Midnight’s Children, Salman Rushdie’s panoramic 1981 allegory of the birth of modern India, is heading for the big screen. Deepa Mehta is to direct and co-write the adaptation with the author, and the film is expected to start production in 2010… Rushdie’s novel, which has been selected twice as the best-ever Booker prize winner, is widely regarded as one of the premier literary works of the latter half of the 20th century and is required reading on most university syllabuses.”

Facing The Virtual Music

The effect of the Internet on local bookstores has been well-documented, but less talked about has been the dwindling number of brick-and-mortar sheet music vendors. “Sheet music might be a nearly $600-million-a-year business in the U.S., enjoying a largely steady 2% to 3% growth rate over the past decade, but sales at [many local stores] have fallen off the charts.”

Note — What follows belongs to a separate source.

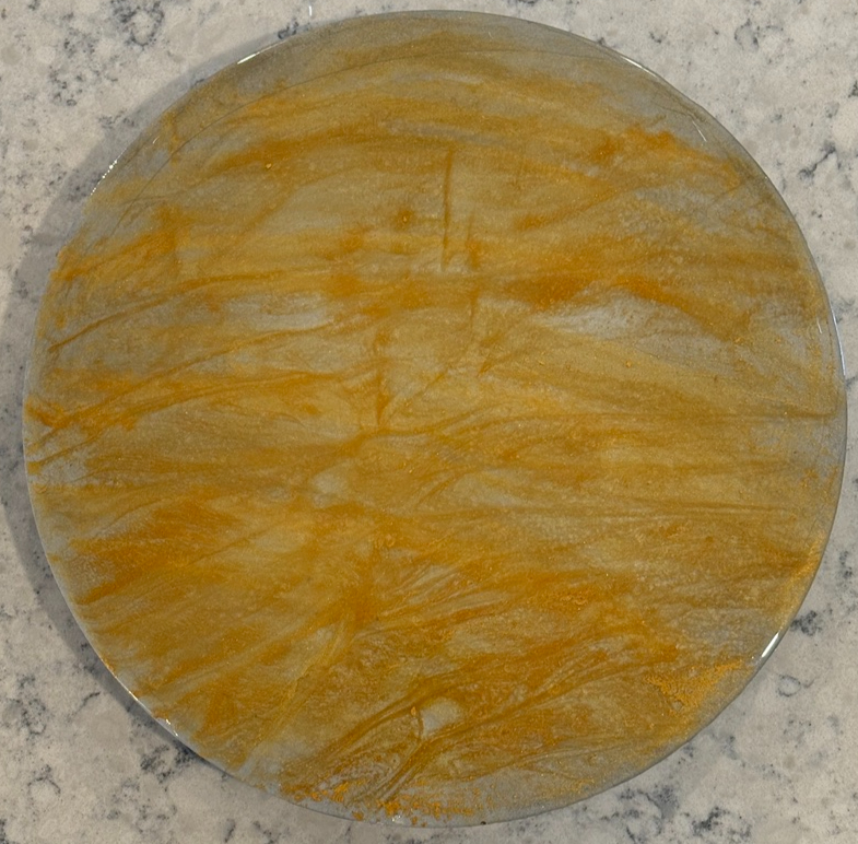 Pigmented Resin (Epoxy) on Steel Lazy Susan; 12" in diameter; 3/16" thick plate steel on a wooden base with a super-smooth and quiet turntable mechanism.
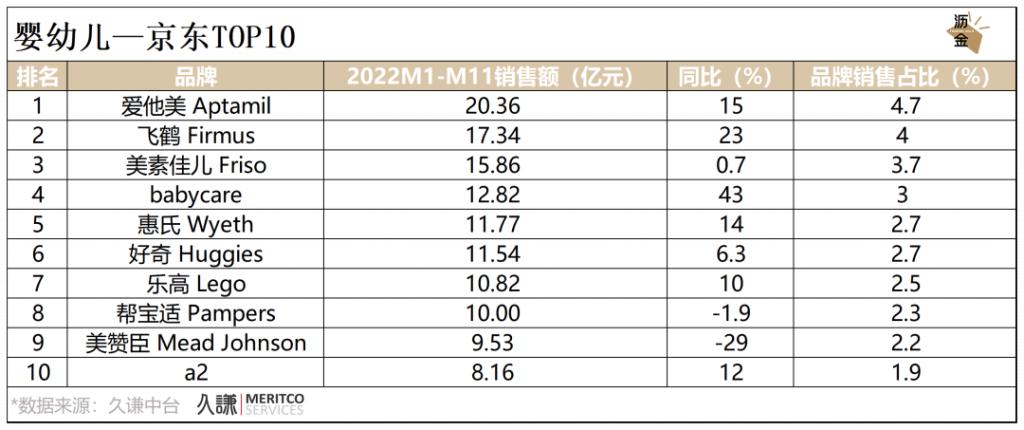 京东平台中,爱他美、飞鹤分别排名第1、第2,呈现高增长;国外巨头美赞臣销售下滑,有待后续调整销售策略。

An Autumnal Blowout Of Book Prizes

Canada’s Writers’ Trust literary award is switching its annual announcement date from spring to fall, to better place it among the country’s more prestigious lit prizes. “Despite the risk of competing for the same precious literary oxygen already shared by the Giller and the GGs, as the Governor General’s Awards are known in the book industry… [the switch] amplifies the existing perception of the fall as the make-or-break season in the publishing year.”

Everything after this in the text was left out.